The problem:
Only the text of the records belongs in the answer, copied exactly, with every picture omitted.

Data extracted from a collection:
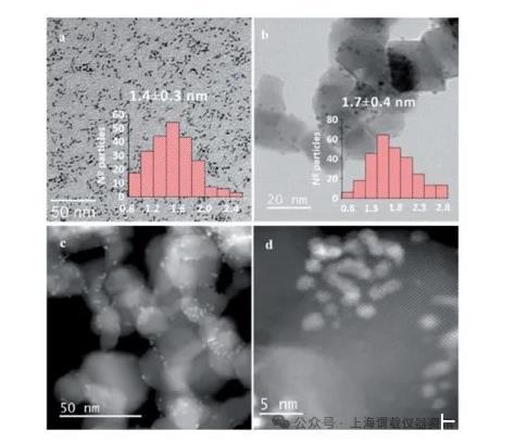 圖1、(a)RuPP納米粒子的TEM圖像和相應的尺寸直方圖,(b)Ru RuO2 PP-TiO2的TEM圖像和相應的尺寸直方圖,(c)和(d)Ru RuO2的HAADF-STEM圖像PP-TiO2。
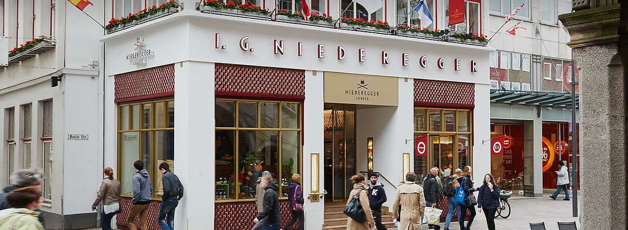 Das Café Niederegger ist eine Lübecker Institution. Im Jahre 1806 wurde es vom Konditormeister Johann Georg Niederegger gegründet. Er verhalf dem Unternehmen zu dem Ruhm, den das Niederegger Marzipan bis heute in der ganzen Welt genießt. In den nun 200 Jahren seines Bestehens ist das Café Niederegger im Herzen der Hansestadt zum heimlichen Wahrzeichen Lübecks geworden. Genießen Sie die einmalige Atmosphäre in unserem Stammhaus. Lassen Sie sich verwöhnen, ob beim Frühstück, zum Lunch, zur Kaffeestunde oder zum Dämmerschoppen.
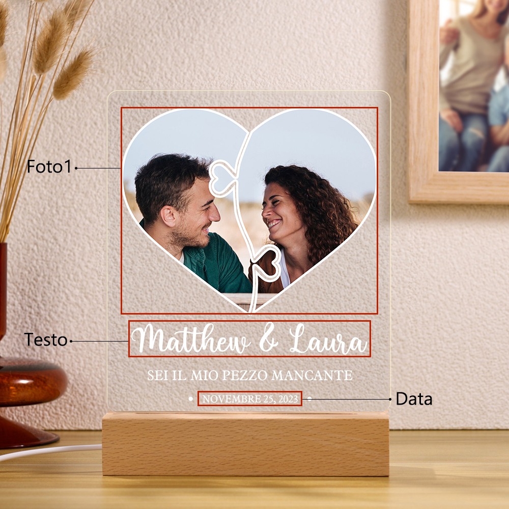 Sei il mio pezzo mancante-Lampada LED per coppia 2 nomi personalizzabili
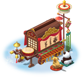 点点装饰布设在前往游园会的路上,古色古香的街灯告示照映着路边的箱箧。
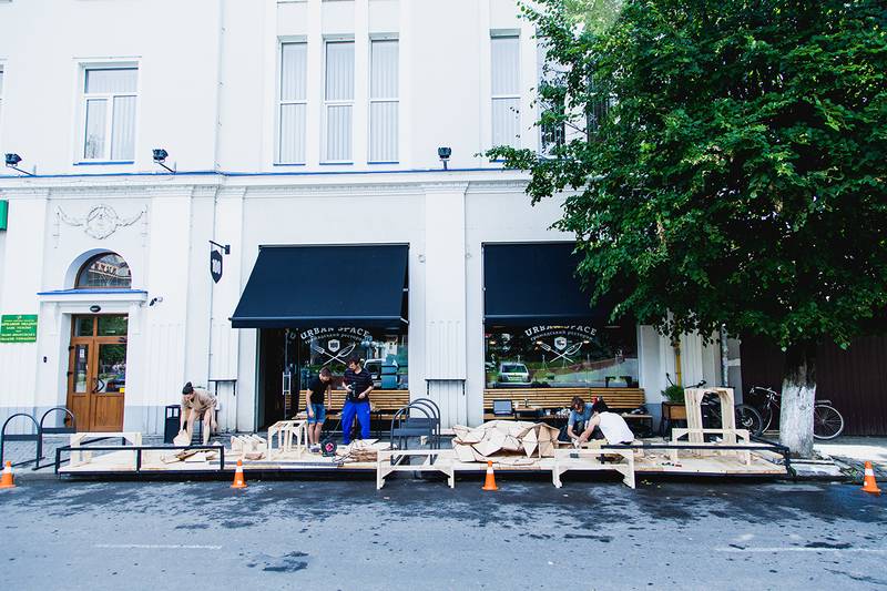 Недавно в Ивано-Франковске рядом с общественным рестораном Urban Space 100 появилось необычное сооружение. На деревянном помосте установили уличную мебель, велопарковку, пространство озеленили. Конструкцию разместили прямо на дороге, там, где раньше парковались машины.
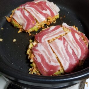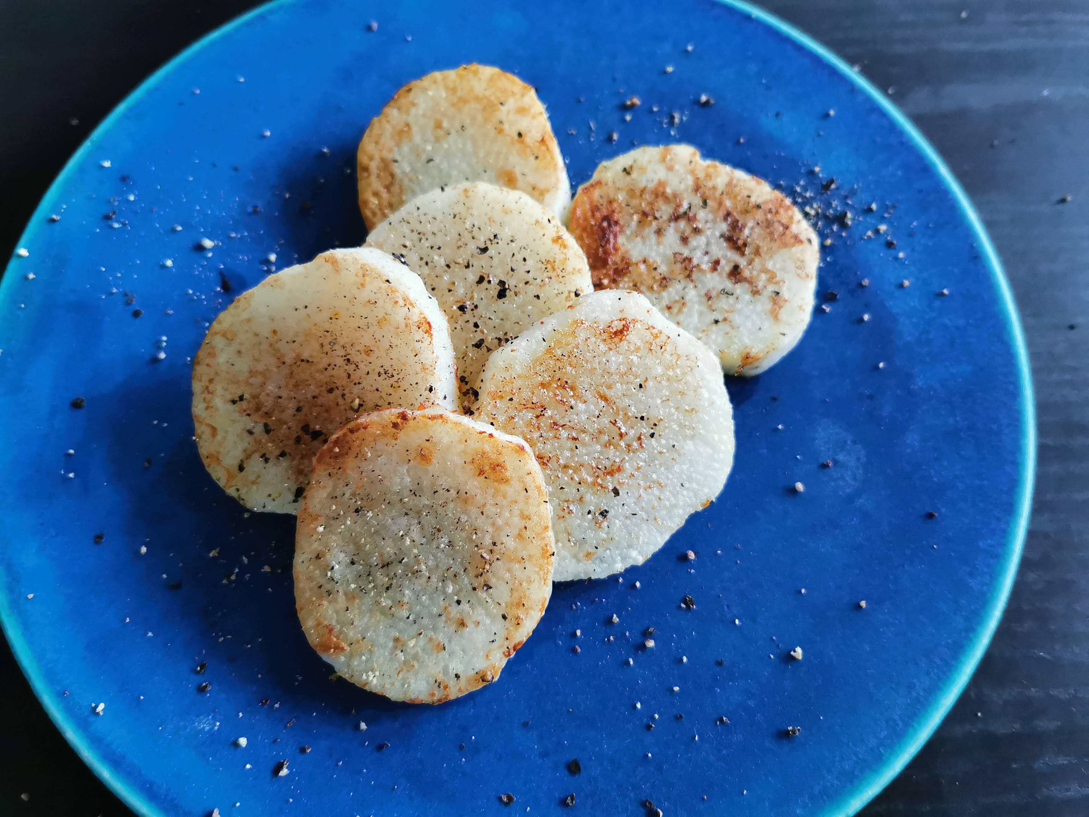 焼き色がつく程度に両面を加熱し、塩・胡椒をする。

Final answer:
 圖1、(a)RuPP納米粒子的TEM圖像和相應的尺寸直方圖,(b)Ru RuO2 PP-TiO2的TEM圖像和相應的尺寸直方圖,(c)和(d)Ru RuO2的HAADF-STEM圖像PP-TiO2。
 Das Café Niederegger ist eine Lübecker Institution. Im Jahre 1806 wurde es vom Konditormeister Johann Georg Niederegger gegründet. Er verhalf dem Unternehmen zu dem Ruhm, den das Niederegger Marzipan bis heute in der ganzen Welt genießt. In den nun 200 Jahren seines Bestehens ist das Café Niederegger im Herzen der Hansestadt zum heimlichen Wahrzeichen Lübecks geworden. Genießen Sie die einmalige Atmosphäre in unserem Stammhaus. Lassen Sie sich verwöhnen, ob beim Frühstück, zum Lunch, zur Kaffeestunde oder zum Dämmerschoppen.
 Sei il mio pezzo mancante-Lampada LED per coppia 2 nomi personalizzabili
 点点装饰布设在前往游园会的路上,古色古香的街灯告示照映着路边的箱箧。
 Недавно в Ивано-Франковске рядом с общественным рестораном Urban Space 100 появилось необычное сооружение. На деревянном помосте установили уличную мебель, велопарковку, пространство озеленили. Конструкцию разместили прямо на дороге, там, где раньше парковались машины.
 焼き色がつく程度に両面を加熱し、塩・胡椒をする。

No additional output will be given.